The amount of employee data that organizations collect is exploding with the digitization of work and with novel digital connections with employees such as workforce wearables (e.g., smart watch, wearable panic button) and mobile devices. We suspect few leaders appreciate the diversity and volume of data about employees that their organizations are amassing. Just during the recent pandemic, employee data has expanded to include vaccination cards and frequent health checks, virtual meeting behaviors, and work-life surveys.
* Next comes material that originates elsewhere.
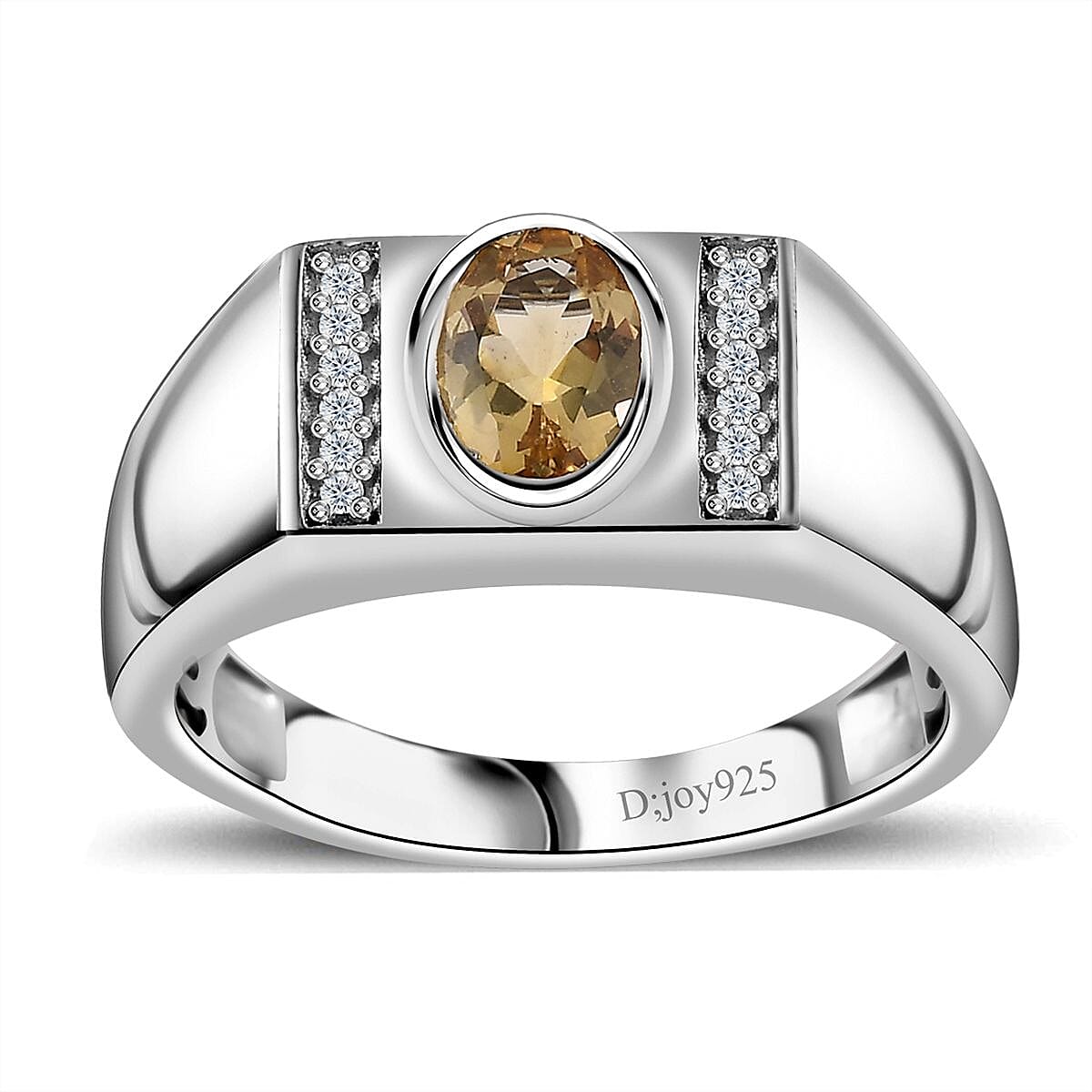 Brazilian Heliodor and White Zircon Men's Ring in Platinum Over Sterling Silver (Size 13.0) 0.85 ctw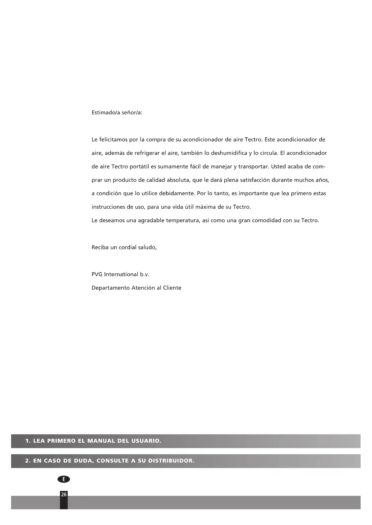 Estimado/a señor/a: Le felicitamos por la compra de su acondicionador de aire Tectro. Este acondicionador de aire, además de refrigerar el aire, también lo deshumidifica y lo circula. El acondicionador de aire Tectro portátil es sumamente fácil de manejar y transportar. Usted acaba de com- prar un producto de calidad absoluta, que le dará plena satisfacción durante muchos años, a condición que lo utilice debidamente. Por lo tanto, es importante que lea primero estas instrucciones de uso, para una vida útil máxima de su Tectro. Le deseamos una agradable temperatura, así como una gran comodidad con su Tectro. Reciba un cordial saludo, PVG International b.v. Departamento Atención al Cliente5

At most large global firms, people and workforce analytics are mainstream initiatives led by HR leaders. But increasingly employee data is being used beyond HR, and it is being combined in new ways. In recent MIT CISR research, we studied dozens of AI projects, many of which included employee data.[foot]In 2019–2020, MIT CISR researchers conducted 100 interviews with participants of 52 distinct AI projects at 48 firms. In 2021, the authors reviewed 22 of the projects that demonstrated significant use of employee data and analyzed them using the lens of the CARE framework.[/foot] For example, one initiative analyzed deidentified employee badge use, affiliated business unit, Wi-Fi device connection activity, and building characteristics to generate insights about building occupancy, and saved the organization millions of dollars in reduced heating and cooling costs.
Innovative uses of employee data, however, can surface uncomfortable insights. Particularly in digital transformation contexts, employee behaviors and knowledge are key to understanding how an organization has historically operated. This understanding can expose opportunities for improvement, and lead to unanticipated outcomes when the organization decides to radically alter or eradicate work tasks moving forward. Such uses of the data can cause tensions and be fraught with gnarly ethical concerns.
Organizations may be tempted to govern employee data by relying on guidance from regulations such as GDPR and HIPAA, which are rooted in personal data privacy and protection. But these laws fall short when it comes to ethical oversight of employee data use. For one thing, employees present with ethical complexity due to the employer-employee relationship and because of their embeddedness in firm operations. Also, MIT CISR research has shown that a regulatory-based perspective is not broad or deep enough to comprehensively oversee the internal and external use of people data; firms need a capability known as Acceptable Data Use (ADU) that includes legal, regulatory, and ethical oversight practices.[foot]B. H. Wixom and M. L. Markus, “To Develop Acceptable Data Use, Build Company Norms,” MIT Sloan CISR Research Briefing, Vol. XVII, No. 4, April 2017, https://cisr.mit.edu/publication/2017_0401_AcceptableDataUse_WixomMarkus.[/foot] ADU also covers values-based oversight, which incorporates the expectations and desires of the organization and key stakeholders such as customers, donors, and suppliers.
An academic article published this year by the first two authors of this briefing suggests that leaders can effectively manage ADU-associated ethical and values-based requirements of employee data use by focusing on dignity.[foot]Dorothy E. Leidner and Olgerta Tona, “The CARE Theory of Dignity and Personal Data Digitization,” MIS Quarterly, Vol. 45, No. 1b, January 15, 2021, https://misq.org/the-care-theory-of-dignity-and-personal-data-digitalization.html.[/foot] In fact, we believe that putting dignity at the center of acceptable data use not only improves ADU management but also allows transformation leaders to reinforce the organization’s regard for its employees.